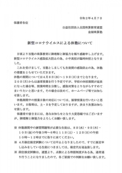 ゴールデンウィーク期間中は、午前授業を行いますので、授業時間の確認をお願いします。なお、5月3日(金)~6日(月)まではお休みとさせていただきます。保護者の皆様には、ご理解とご協力をよろしくお願いします。
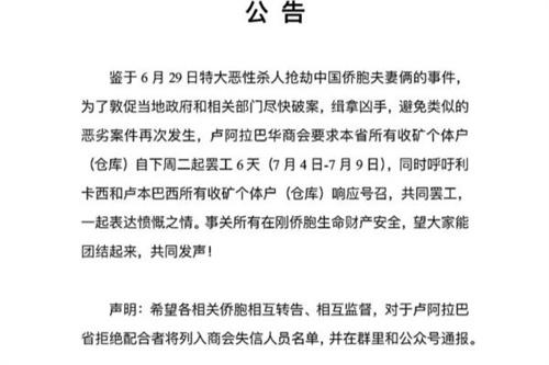 盧阿巴拉華僑商會。此前就發布了安全預警,提醒了各單位需要加強安保建設,特別是外出人員的安全,也建議不要身上攜帶大量的現款,這一次的事件也使商會更加強調所有人員的安全問題,也希望可以通過懸賞和罷工的舉措,使當地政府與有關部門采取措施,保證華僑的生命安全以及財產安全。
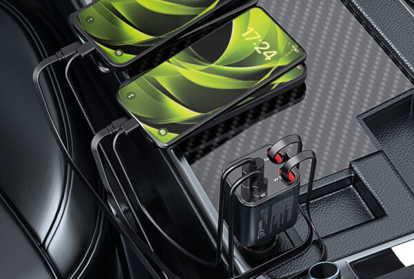 – 4in1 Car Charger 50W CA28 – USB-C + USB-A, USB-C and Lightning Cable
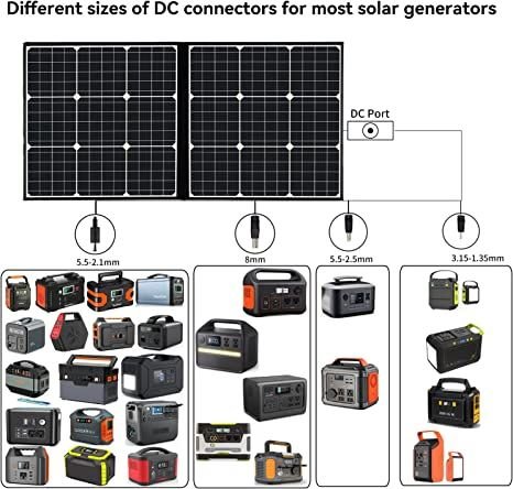 The 100W solar panel comes with a 4 in 1 connector adapter kit to charge your power stations.

============================================================

» What you have to do:
What is wanted is the listing, written out exactly, with each picture removed.

» Answer for this exercise:
 ゴールデンウィーク期間中は、午前授業を行いますので、授業時間の確認をお願いします。なお、5月3日(金)~6日(月)まではお休みとさせていただきます。保護者の皆様には、ご理解とご協力をよろしくお願いします。
 盧阿巴拉華僑商會。此前就發布了安全預警,提醒了各單位需要加強安保建設,特別是外出人員的安全,也建議不要身上攜帶大量的現款,這一次的事件也使商會更加強調所有人員的安全問題,也希望可以通過懸賞和罷工的舉措,使當地政府與有關部門采取措施,保證華僑的生命安全以及財產安全。
 – 4in1 Car Charger 50W CA28 – USB-C + USB-A, USB-C and Lightning Cable
 The 100W solar panel comes with a 4 in 1 connector adapter kit to charge your power stations.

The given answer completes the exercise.